Elif Batuman: The Idiot (Penguin, 2018) [IBR2024]

“For a while now, I’ve been conscious of a tension in my relationship with you,” Svetlana said. “And I think that’s the reason. It’s because we both make up narratives about our own lives….“
“Everyone makes up narratives about their own lives.”
“But not to the same extent. Think about my roommates. Fern, for example. I don’t mean that she doesn’t have an inner life, or that she doesn’t think about the past or make plans for the future. But she doesn’t compulsively rehash everything that happens to her in the form of a story. She’s in my story – I’m not in hers. That makes her and me unequal, but it also gives our relationship a kind of stability, and safeness. We each have our different roles. It’s like an unspoken contract. With you, there’s more instability and tension, because I know you’re making up a story, too, and in your story I’m just a character.”
“I don’t know,” I said. “I still think everyone experiences their own life as a narrative.
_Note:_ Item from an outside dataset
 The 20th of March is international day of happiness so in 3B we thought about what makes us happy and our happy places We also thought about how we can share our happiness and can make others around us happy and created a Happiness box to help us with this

If you didn’t have some kind of ongoing story in mind, how would you know who you were when you woke up in the morning?”
“That’s a weak definition of narrative. That’s saying that narrative is just memory plus causality. But, for us, the narrative has aesthetics, too.”

A long time ago, my favorite ice cream flavor was Cherry Vanilla. Oh, the ice cream was mediocre – the vanilla was more aspirational than actual – but the cherries were amazing to my very young palate. It was a delight, on taking a mouthful of bland milky coldness, to suddenly come across a sweet piece of maraschino, just waiting to be bitten into and chewed.
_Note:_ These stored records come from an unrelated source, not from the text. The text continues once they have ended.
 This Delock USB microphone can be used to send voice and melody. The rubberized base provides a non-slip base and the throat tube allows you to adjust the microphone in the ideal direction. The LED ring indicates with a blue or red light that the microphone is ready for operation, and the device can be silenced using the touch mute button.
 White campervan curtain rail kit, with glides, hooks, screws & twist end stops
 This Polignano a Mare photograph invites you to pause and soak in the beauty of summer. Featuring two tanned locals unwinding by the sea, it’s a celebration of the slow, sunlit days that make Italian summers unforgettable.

That was my first read of this book. Overall, it seemed… disconnected, aimless. But it was loaded with wonderful cherries, like the quote above. So I kept reading.

My second read – really, at first more of a skim, looking for cherries to pick out and quote, that turned into a semi-read – was more like when I discovered Ben & Jerry’s Cherry Garcia years later. The ice cream had a wonderful flavor and texture of its own, and the cherries – oh, the cherries were even better, because they were real dark red-black cherries, often whole ones, not the slivers of candied maraschinos from my past. And then there were the fudge flakes, which weren’t there before at all.

It all started, that second read, with the ultimate fudge flake, the epigraph from Proust:

But the characteristic feature of the ridiculous age I was going through—awkward indeed but by no means infertile—is that we do not consult our intelligence and that the most trivial attributes of other people seem to us to form an inseparable part of their personality. In a world thronged with monsters and with gods, we know little peace of mind. There is hardly a single action we perform in that phase which we would not give anything, in later life, to be able to annul. Whereas what we ought to regret is that we no longer possess the spontaneity which made us perform them. In later life we look at things in a more practical way, in full conformity with the rest of society, but adolescence is the only period in which we learn anything.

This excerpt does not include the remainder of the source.